TASK TO COMPLETE:
The pictures are to be left out, and all remaining data is to be transcribed exactly as it appears.

STORED DATA:
——————————

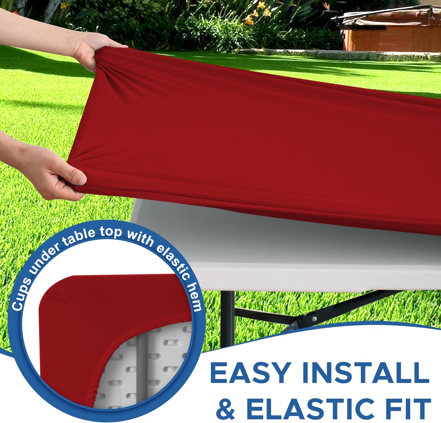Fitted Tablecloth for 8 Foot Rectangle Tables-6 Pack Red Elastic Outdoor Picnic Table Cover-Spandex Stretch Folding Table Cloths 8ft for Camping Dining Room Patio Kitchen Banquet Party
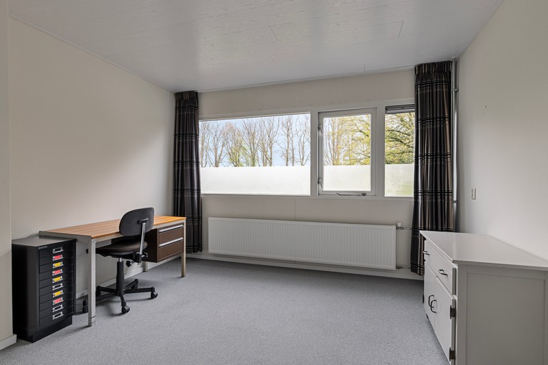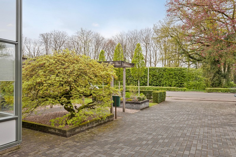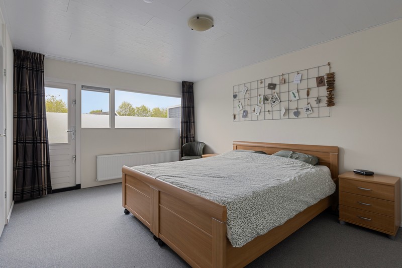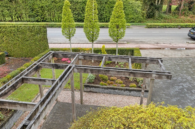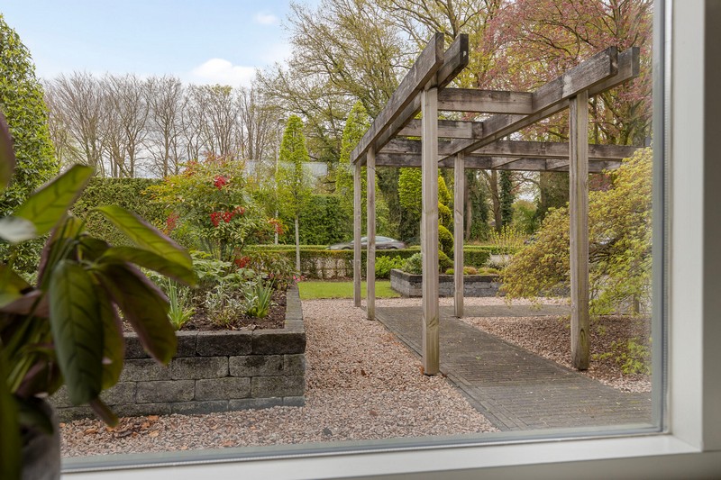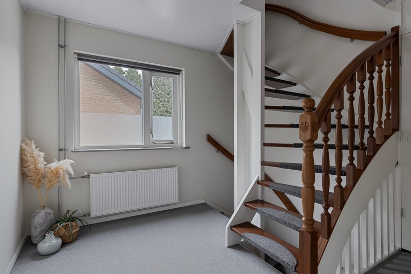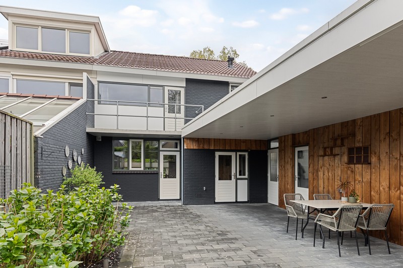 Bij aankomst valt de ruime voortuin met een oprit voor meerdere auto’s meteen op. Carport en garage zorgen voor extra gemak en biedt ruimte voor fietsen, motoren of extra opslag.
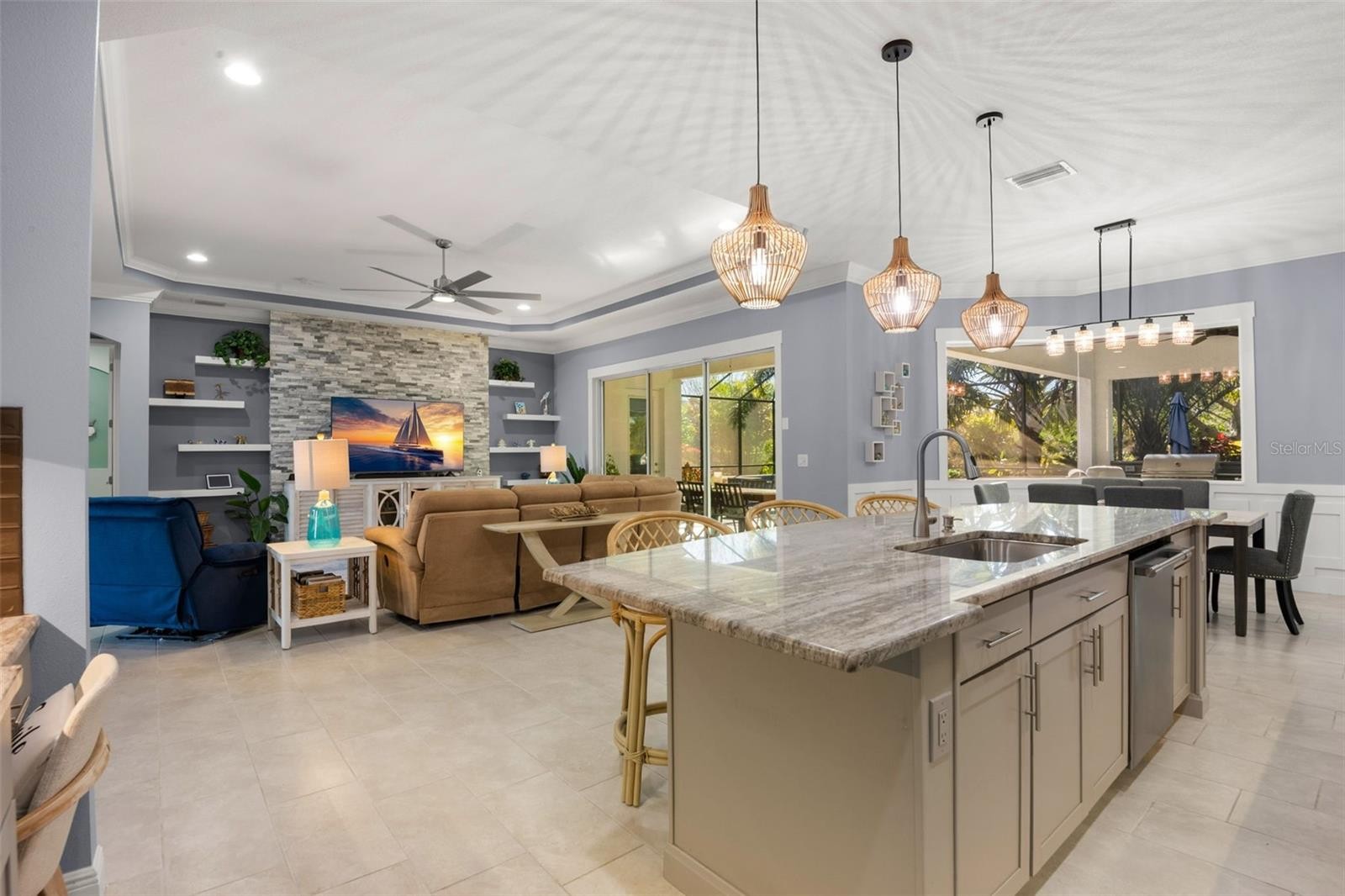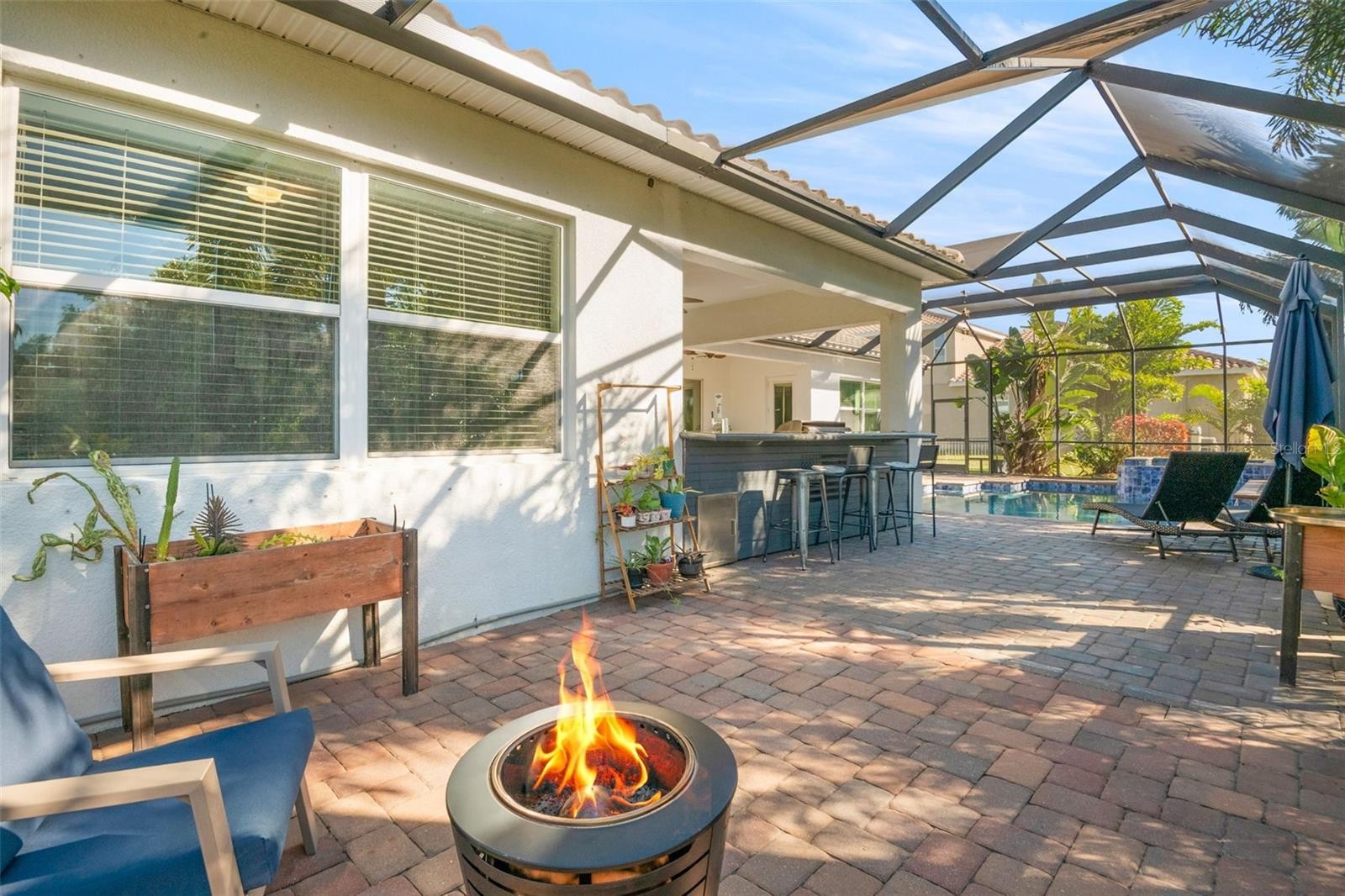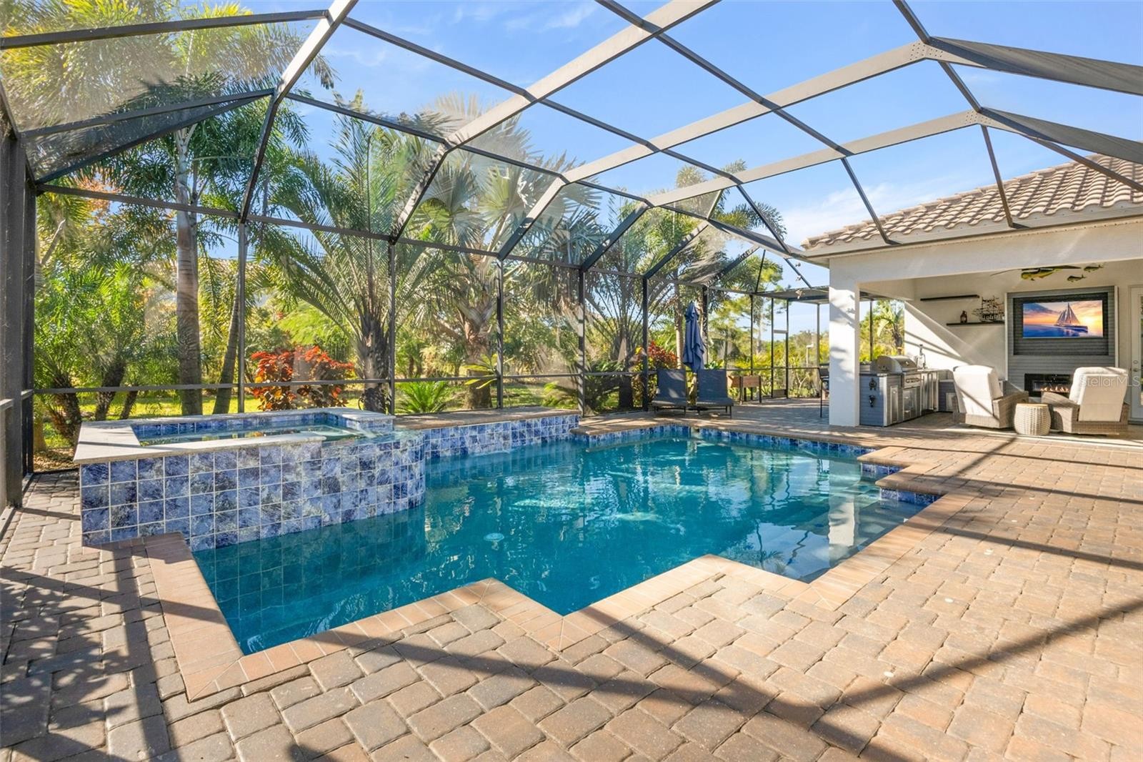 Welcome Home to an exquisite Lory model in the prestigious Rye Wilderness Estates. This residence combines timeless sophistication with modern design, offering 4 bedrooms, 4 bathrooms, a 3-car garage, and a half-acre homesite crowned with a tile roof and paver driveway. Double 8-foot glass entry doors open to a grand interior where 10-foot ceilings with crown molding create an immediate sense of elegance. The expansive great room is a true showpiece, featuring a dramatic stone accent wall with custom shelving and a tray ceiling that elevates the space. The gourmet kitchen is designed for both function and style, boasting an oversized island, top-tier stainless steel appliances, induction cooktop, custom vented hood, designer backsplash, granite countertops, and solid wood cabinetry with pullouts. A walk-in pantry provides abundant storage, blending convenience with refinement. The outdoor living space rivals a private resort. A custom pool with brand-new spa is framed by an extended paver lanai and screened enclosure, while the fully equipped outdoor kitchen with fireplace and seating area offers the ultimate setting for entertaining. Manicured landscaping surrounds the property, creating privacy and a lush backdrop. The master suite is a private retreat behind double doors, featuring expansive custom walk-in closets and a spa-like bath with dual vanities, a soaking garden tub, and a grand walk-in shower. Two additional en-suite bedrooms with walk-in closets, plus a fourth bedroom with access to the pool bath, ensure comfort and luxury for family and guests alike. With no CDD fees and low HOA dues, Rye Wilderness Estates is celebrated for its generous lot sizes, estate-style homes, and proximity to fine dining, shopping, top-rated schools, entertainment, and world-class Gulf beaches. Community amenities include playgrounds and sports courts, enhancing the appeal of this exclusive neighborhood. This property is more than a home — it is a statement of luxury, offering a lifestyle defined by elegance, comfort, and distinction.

——————————

OUTPUT:
Fitted Tablecloth for 8 Foot Rectangle Tables-6 Pack Red Elastic Outdoor Picnic Table Cover-Spandex Stretch Folding Table Cloths 8ft for Camping Dining Room Patio Kitchen Banquet Party
 Bij aankomst valt de ruime voortuin met een oprit voor meerdere auto’s meteen op. Carport en garage zorgen voor extra gemak en biedt ruimte voor fietsen, motoren of extra opslag.
 Welcome Home to an exquisite Lory model in the prestigious Rye Wilderness Estates. This residence combines timeless sophistication with modern design, offering 4 bedrooms, 4 bathrooms, a 3-car garage, and a half-acre homesite crowned with a tile roof and paver driveway. Double 8-foot glass entry doors open to a grand interior where 10-foot ceilings with crown molding create an immediate sense of elegance. The expansive great room is a true showpiece, featuring a dramatic stone accent wall with custom shelving and a tray ceiling that elevates the space. The gourmet kitchen is designed for both function and style, boasting an oversized island, top-tier stainless steel appliances, induction cooktop, custom vented hood, designer backsplash, granite countertops, and solid wood cabinetry with pullouts. A walk-in pantry provides abundant storage, blending convenience with refinement. The outdoor living space rivals a private resort. A custom pool with brand-new spa is framed by an extended paver lanai and screened enclosure, while the fully equipped outdoor kitchen with fireplace and seating area offers the ultimate setting for entertaining. Manicured landscaping surrounds the property, creating privacy and a lush backdrop. The master suite is a private retreat behind double doors, featuring expansive custom walk-in closets and a spa-like bath with dual vanities, a soaking garden tub, and a grand walk-in shower. Two additional en-suite bedrooms with walk-in closets, plus a fourth bedroom with access to the pool bath, ensure comfort and luxury for family and guests alike. With no CDD fees and low HOA dues, Rye Wilderness Estates is celebrated for its generous lot sizes, estate-style homes, and proximity to fine dining, shopping, top-rated schools, entertainment, and world-class Gulf beaches. Community amenities include playgrounds and sports courts, enhancing the appeal of this exclusive neighborhood. This property is more than a home — it is a statement of luxury, offering a lifestyle defined by elegance, comfort, and distinction.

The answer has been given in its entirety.